"" Behind Their Lines: The last song

Wednesday, March 1, 2017

The last song


Anna Akhmatova
By 1917, the number of Russian soldiers who were injured, dead, missing, or held as prisoners of war was approaching five million men. The situation on the home front was equally bleak: over 400,000 Russian civilians were killed as a result of military action in the First World War, and another 730,000 civilians died due to famine and disease. Three years of horrific death and slaughter had given rise to a national mood of hopeless despair. When the Russian Revolution began on March 8th, 1917, few doubted the central role that the Great War had played in the unrest that led to the eventual overthrow of Russia’s monarchist government. 

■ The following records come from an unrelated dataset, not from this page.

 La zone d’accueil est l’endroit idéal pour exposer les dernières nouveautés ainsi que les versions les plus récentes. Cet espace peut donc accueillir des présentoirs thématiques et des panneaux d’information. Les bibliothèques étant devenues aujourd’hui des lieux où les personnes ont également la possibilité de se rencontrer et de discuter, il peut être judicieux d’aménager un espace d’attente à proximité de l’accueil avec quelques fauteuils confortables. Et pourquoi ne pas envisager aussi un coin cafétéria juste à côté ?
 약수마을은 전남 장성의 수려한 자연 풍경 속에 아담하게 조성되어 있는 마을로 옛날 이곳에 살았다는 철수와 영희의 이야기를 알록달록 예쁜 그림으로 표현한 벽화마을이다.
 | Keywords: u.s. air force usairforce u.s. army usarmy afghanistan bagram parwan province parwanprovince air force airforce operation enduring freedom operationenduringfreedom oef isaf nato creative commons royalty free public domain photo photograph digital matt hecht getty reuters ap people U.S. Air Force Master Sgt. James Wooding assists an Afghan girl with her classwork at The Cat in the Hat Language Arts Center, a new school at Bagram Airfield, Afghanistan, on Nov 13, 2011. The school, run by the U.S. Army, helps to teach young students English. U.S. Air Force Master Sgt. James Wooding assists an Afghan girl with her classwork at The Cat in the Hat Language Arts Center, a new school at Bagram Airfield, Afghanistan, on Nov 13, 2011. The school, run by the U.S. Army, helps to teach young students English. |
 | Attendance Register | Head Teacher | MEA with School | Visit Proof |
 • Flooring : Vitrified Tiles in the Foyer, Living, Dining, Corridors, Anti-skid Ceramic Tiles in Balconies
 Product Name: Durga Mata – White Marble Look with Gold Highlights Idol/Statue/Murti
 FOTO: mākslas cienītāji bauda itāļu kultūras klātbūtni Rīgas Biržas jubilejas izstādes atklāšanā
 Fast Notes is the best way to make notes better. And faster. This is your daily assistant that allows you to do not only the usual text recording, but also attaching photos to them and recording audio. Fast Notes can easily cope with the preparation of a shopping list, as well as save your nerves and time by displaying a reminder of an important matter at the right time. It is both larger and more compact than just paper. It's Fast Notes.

Anna Akhmatova, one of the foremost Russian poets of the twentieth century, shaped the chaos into poetry. She had written about the start of the war in her poem “In Memoriam, July 19, 1914”: “We aged a hundred years, and it / all happened in an hour.” In the midst of the 1917 revolution, she composed the haunting poem “Now no-one will be listening to songs.”


Now no-one will be listening to songs.
The days long prophesied have come to pass.
The world has no more miracles. Don't break
My heart, song, but be still: you are the last.

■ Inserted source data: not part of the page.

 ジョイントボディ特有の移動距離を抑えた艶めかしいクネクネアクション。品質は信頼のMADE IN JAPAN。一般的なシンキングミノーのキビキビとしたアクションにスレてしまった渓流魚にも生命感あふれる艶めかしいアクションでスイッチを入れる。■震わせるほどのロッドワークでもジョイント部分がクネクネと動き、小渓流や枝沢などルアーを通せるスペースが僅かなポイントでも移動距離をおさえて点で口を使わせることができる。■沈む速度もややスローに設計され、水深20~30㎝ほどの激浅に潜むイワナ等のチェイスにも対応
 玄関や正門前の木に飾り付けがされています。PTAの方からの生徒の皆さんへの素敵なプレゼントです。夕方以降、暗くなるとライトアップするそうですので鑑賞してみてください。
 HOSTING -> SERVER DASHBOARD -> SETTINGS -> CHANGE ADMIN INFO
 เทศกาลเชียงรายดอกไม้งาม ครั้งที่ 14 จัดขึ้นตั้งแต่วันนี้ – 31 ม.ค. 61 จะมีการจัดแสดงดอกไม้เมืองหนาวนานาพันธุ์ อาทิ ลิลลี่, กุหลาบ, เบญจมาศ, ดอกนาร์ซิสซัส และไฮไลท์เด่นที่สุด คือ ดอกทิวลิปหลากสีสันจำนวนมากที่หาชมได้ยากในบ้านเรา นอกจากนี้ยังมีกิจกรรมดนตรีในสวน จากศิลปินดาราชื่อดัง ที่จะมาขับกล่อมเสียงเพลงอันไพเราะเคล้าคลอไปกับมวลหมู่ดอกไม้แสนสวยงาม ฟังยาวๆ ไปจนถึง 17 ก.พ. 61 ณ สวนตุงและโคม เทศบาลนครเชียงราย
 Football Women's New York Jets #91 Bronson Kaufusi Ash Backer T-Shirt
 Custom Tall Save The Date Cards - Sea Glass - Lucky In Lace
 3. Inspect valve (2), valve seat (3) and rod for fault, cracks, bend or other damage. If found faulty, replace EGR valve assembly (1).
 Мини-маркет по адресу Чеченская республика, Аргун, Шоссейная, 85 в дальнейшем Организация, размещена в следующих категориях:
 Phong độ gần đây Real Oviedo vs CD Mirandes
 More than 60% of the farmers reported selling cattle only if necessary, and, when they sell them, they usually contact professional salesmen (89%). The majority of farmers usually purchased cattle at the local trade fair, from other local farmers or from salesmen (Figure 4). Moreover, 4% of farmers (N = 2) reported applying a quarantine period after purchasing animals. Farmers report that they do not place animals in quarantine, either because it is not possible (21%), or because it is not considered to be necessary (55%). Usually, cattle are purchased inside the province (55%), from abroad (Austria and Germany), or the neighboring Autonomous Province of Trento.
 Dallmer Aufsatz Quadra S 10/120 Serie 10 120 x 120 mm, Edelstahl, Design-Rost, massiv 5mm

Not long ago you took your morning flight
With all a swallow's free accomplishment.
Now that you are a hungry beggar-woman,
Don't go knocking at the stranger's gate.
                        --1917
                        Translated by D.M. Thomas

Russian recruitment poster, WWI

Repeated throughout the poem are images of isolation and alienation: the solitary beggar, the stranger who has barred himself behind his gate, the last song, and the loneliness of “no-one.” Even the most desperately needy will find no hospitality or place to shelter, for this is a world bereft of miracles. 


The poem recalls a past when music soared like a bird, yet in a new world born out of violence, the “bitter days foretold [have] come over the hill.”* The turbulence of revolution may have created its own discordant noise like nothing heard before – but it is not a song. 

Akhmatova’s poem is itself a dirge, bidding a melancholy farewell to the traditional tunes of folklore that have joined communities and connected the past to the present.  Addressing song itself, the poet pleads with it to be silent, for the last surviving melody sings of a past that can never be recovered – and that tune has the power to break the heart. 
Russian cavalry on Eastern Front, WWI
* This from Stanley Kunitz’s translation of the poem’s second line.